American-born English labour movement historian and political activist

Nina Fishman (26 May 1946 - 5 December 2009) was an American-born English labour movement historian and political activist.

Fishman was born in San Francisco. Her father, Leslie Fishman, was an economist at the University of California, Berkeley. However, he was also a member of the Communist Party of the United States and was forced out of the university in the late 1940s, moving to Idaho State College and then the University of Colorado at Boulder. Fishman attended junior high school and high school in Boulder, although she lived in Britain for a year in 1962 while her father held a visiting fellowship at the University of Cambridge.
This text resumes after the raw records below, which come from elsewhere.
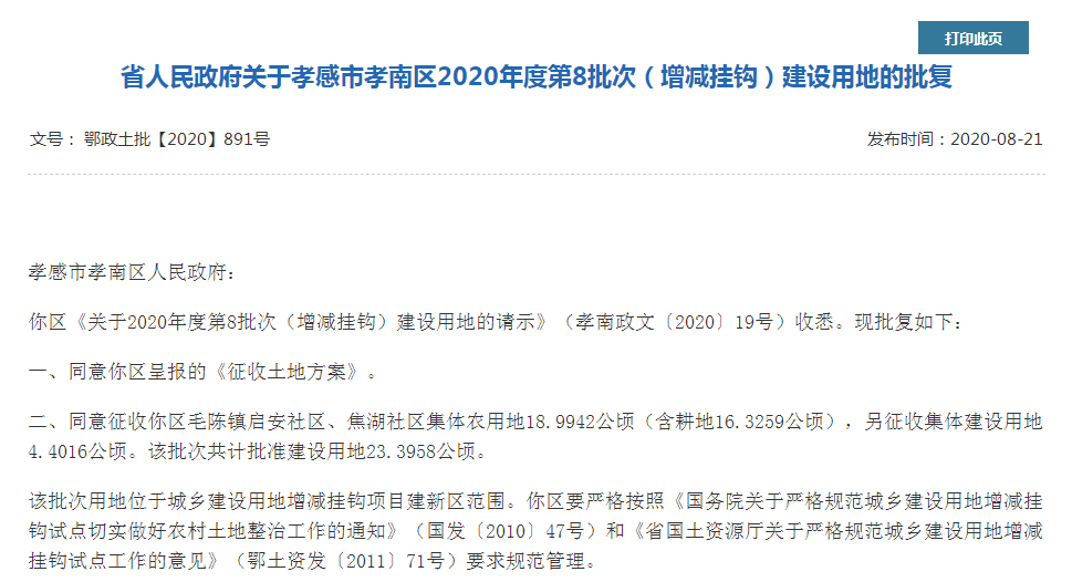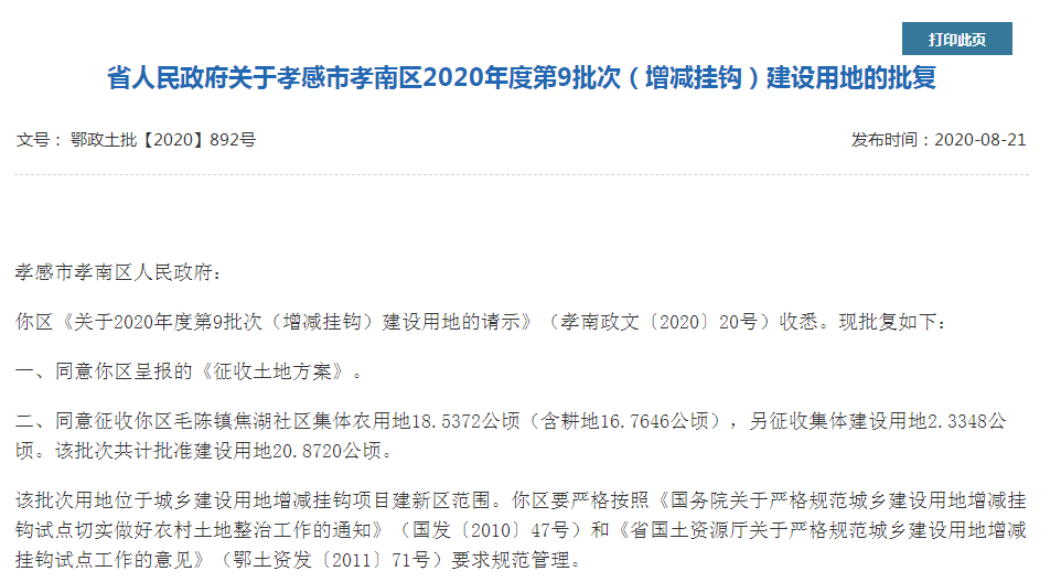 該批次共計批準(zhǔn)建設(shè)用地20.8720公頃。
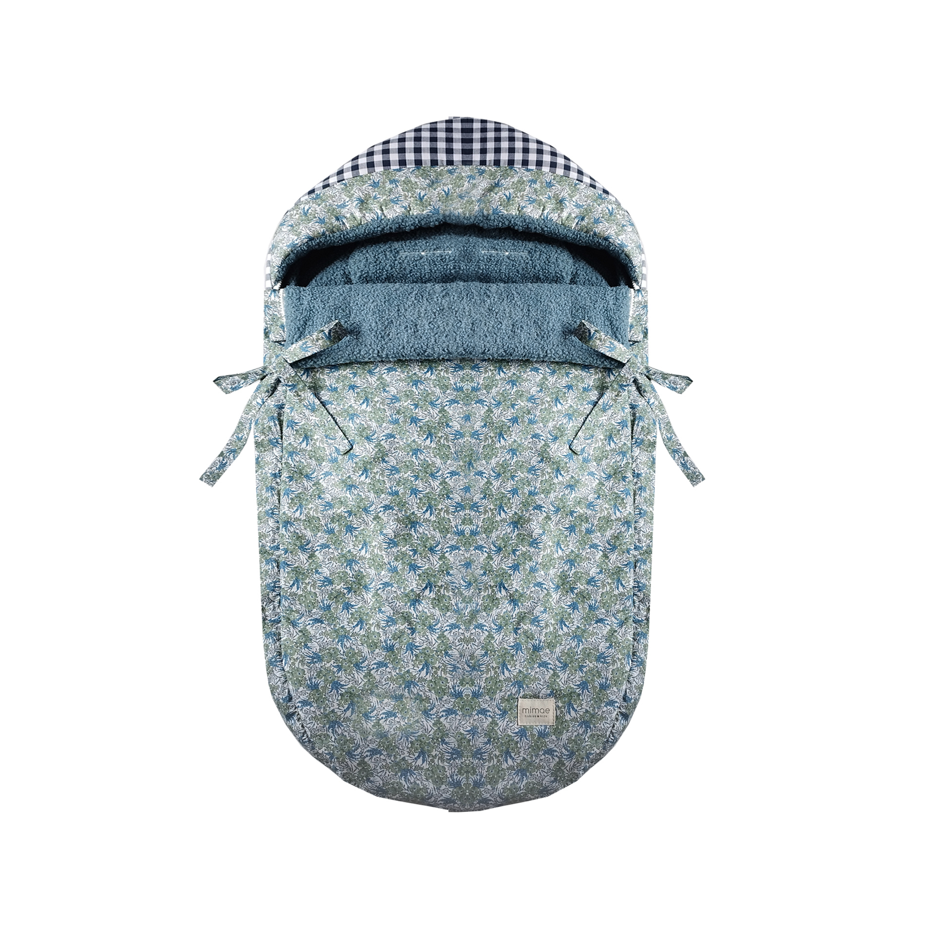 Saco para sillas de paseo ligeras tipo Yoyo, Maclaren… Acolchado con guata efecto pluma, el saco exterior es totalmente extraíble para usarlo como colchoneta. Parte trasera con un tejido de borrego super suave y abrigado, perfecto para los meses mas fríos. Sistema de enganche optimo para sillas ligeras y ojales para pasar los arneses. Confeccionado combinando Liberty Iñaki, Vichy Navy y Borrego Azul.
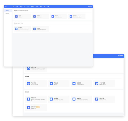 营销中心,应用中心拥有丰富的营销玩法,各种经营应用。所有营销玩法、经营应用都采用插件化,模块化的开发思路,做到业务轻耦合,代码轻耦合。非常便于后续系统扩展和二次开发。
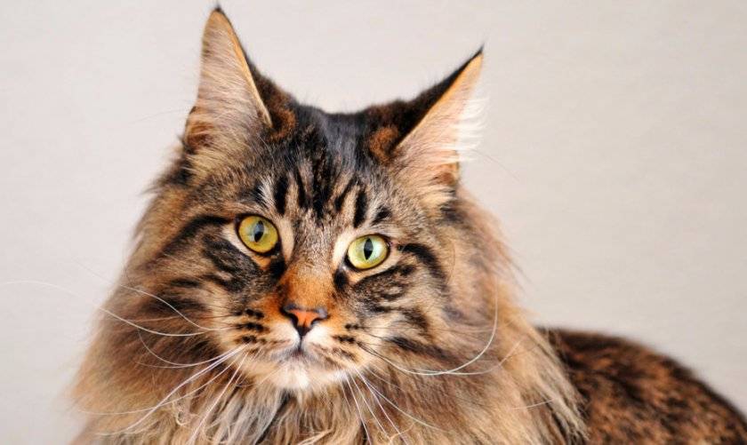 Мейн-куны появились из американского штата Мэн. Из-за сильных зимних холодов в этом штате США эти кошки имеют густую длинную шерсть и роскошный пушистый хвост. У них крепкое хорошо сложенное тело с сильными широкими лапами, у которых между подушечками растут клочки шерсти. На ушках кошек имеются небольшие симпатичные кисточки, что делает их похожими на рысь.
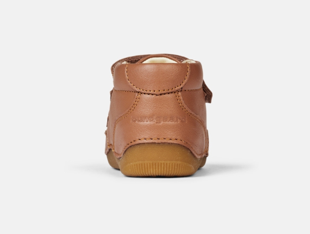 Prewalker i læder i farven cognac fra Bundgaard. Petit prewalkeren fra Bundgaard er en klassisk begyndersko designet til at give de mindste den bedste komfort, når de tager deres første skridt. Den er fremstillet i LWG-certificeret læder og har en blød, meget fleksibel gummisål. Indersålen er ligeledes blød og behagelig for små fødder.
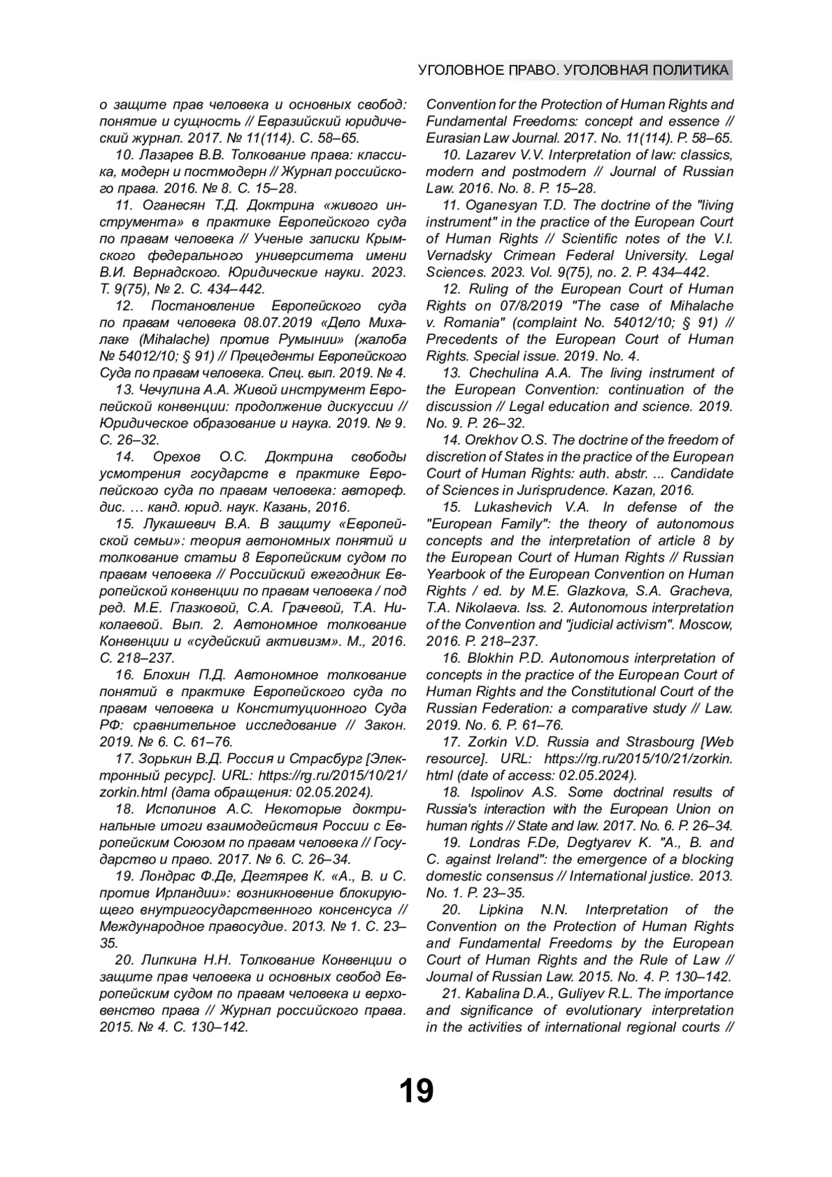 16. Блохин П.Д. Автономное толкование понятий в практике Европейского суда по правам человека и Конституционного Суда РФ: сравнительное исследование // Закон. 2019. № 6. С. 61-76. EDN: OCQZFS
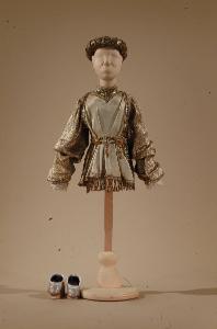 Costume per paggetto di foggia rinascimentale composto da veste, pazienza, sopravveste per il trucco, turbantino e scarpe
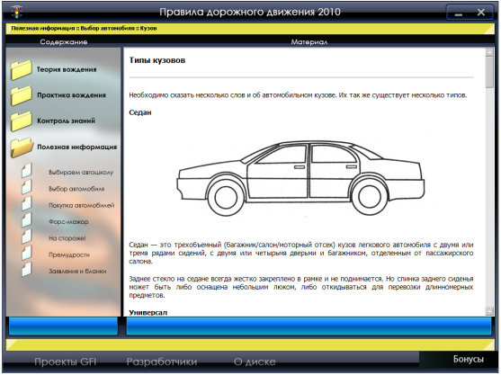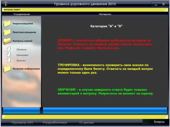 Самоучитель вождения по городу и Ппавила дорожного движения 2010 подготовят Вас к теоретическому и практическому экзаменам на получение водительского удостоверения категорий: А, B, С, D, а главное – поможет овладеть навыками управления автомобилем в условиях города, изучить реальные маршруты московских экзаменационных подразделений ГИБДД.

Fishman returned to Britain to read economics at the University of Sussex, then known for student radicalism. Her family moved permanently to Britain in 1967 when her father was appointed to a teaching post at the University of Warwick, later securing a chair teaching economics at the University of Keele. She graduated in 1968 with a third, having spent most of her last year on the picket lines supporting striking building workers at the Barbican Centre in London. However, she then began a part-time history degree at Birkbeck College, London. She got a first and remained at Birkbeck to study for a PhD, supervised by Eric Hobsbawm, on the subject of the British Communist Party and the trade unions between 1933 and 1945.

In the 1970s, Fishman was a member of the British and Irish Communist Organisation,
where she often wrote under the name Nina Stead. In 1980 she was a supporter of Neil Kinnock, advocating a greater reliance on trade unionism in a televised debate on divisions in the Labour Party.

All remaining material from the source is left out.